After our whale cruise and a lunch at the pier and then drove to the Green Cape Lightstation and Ben Boyd National Park.
Our goal was the Green Cape Lightstation which is at the end of the park on the tip of the peninsula. The roads are listed as 2wd dirt roads.. really?… NSW Parks is very impressed with the capabilities of 2wd cars. While not as bone shaking as our trip to Kichega National Park, it was still a bumpy, pot holed, rutted dirt road for 21 km.
At the end of the road the Green Cape Lighthouse rises 29ft overlooking the peninsula. The Green Cape lighthouse was the first cast concrete lighthouse built in Australia and also has the distinction of being NSW’s second tallest and most southernmost lighthouse.

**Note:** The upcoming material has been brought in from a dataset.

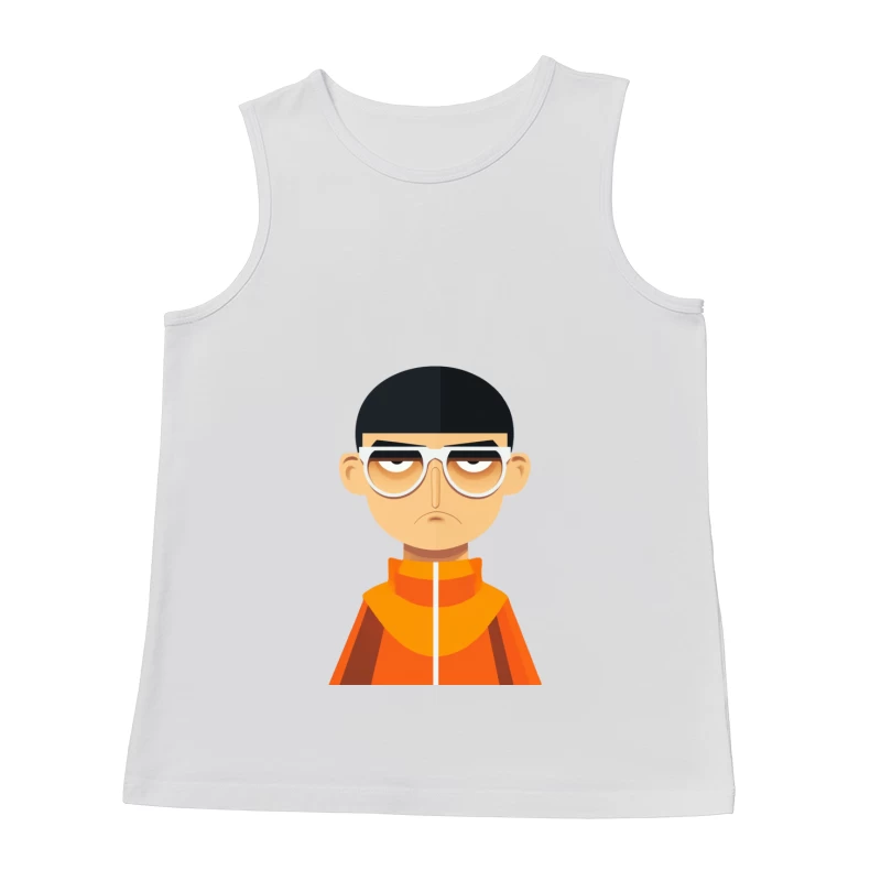 Grumpy Cartoon Character with Glasses in Orange Jacket Male Tank Top

The lighthouse is surrounded by a fence, so its not possible to get into the grounds of the light station (which are rented out as holiday rentals) but we found heading down towards the cliffs gave us a good viewpoint.
Travelling back down the dirt road we stopped (very suddenly) when we spotted this guy on the road. While we jumped out for a photograph, we used the lonnnnng lenses and gave him total right of way!

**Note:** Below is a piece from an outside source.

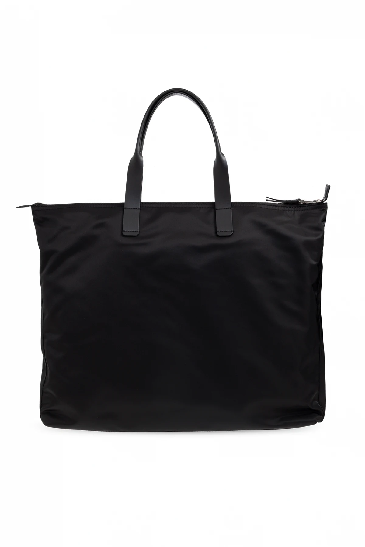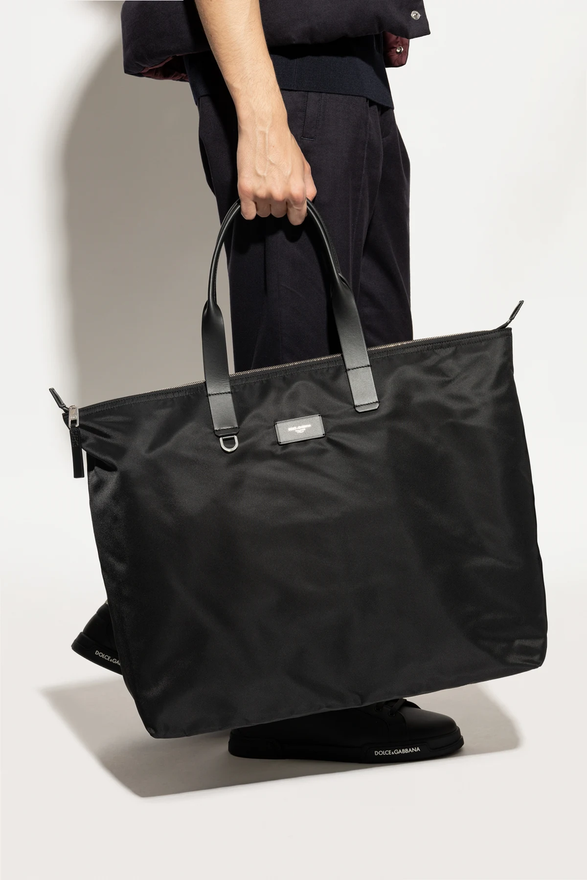 Torba typu „shopper” marki Dolce & Gabbana to synonim wyrafinowanej elegancji oraz współczesnego luksusu. Prostokątny, przestronny fason o płaskim dnie pozwala z łatwością pomieścić codzienne niezbędniki, zachowując przy tym nienaganną prezencję. Szlachetna, gładka tkanina techniczna w głębokiej czerni subtelnie połyskuje, podkreślając ekskluzywność produktu. Skórzane, czarne uchwyty gwarantują komfort noszenia zarówno w dłoni, jak i na ramieniu.

Once on our way again, and still within Ben Boyd National Park we drove to the Pinnacles.
Once you park the car its an easy 1.1km loop to the pinnacles and back. The Pinnacles were formed due to erosion of the cliffs that are made of of soft white sands and red gravel clay deposited about 65 million years ago. When part of the cliff fell away it exposed the red clay and white sands. We didn’t see anymore snakes but we did keep a good eye out, and thanked our forethought to wear leather hiking boots!

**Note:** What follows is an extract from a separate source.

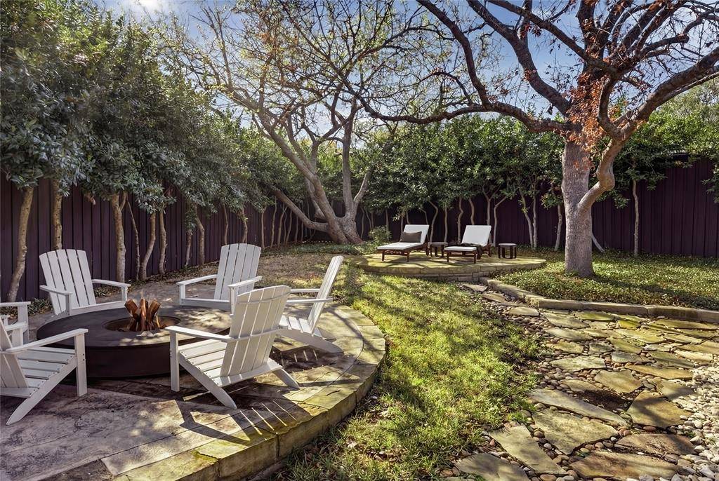 Outdoor living unfolds across layered terraces beneath crepe myrtles, complete with a built-in grill and spa with option to convert to a heated hot tub.

Our final stop at Ben Boyd National Park was pretty underwhelming. We had been recommended by the lady at the Information Center that the Davison Whaling Station was ‘well worth a visit’. I beg to differ. It may have been once, but now there is a quaint little shack before you get to the whaling station that’s really not even part of it. The whaling station itself was a couple of signs and an old tin pot.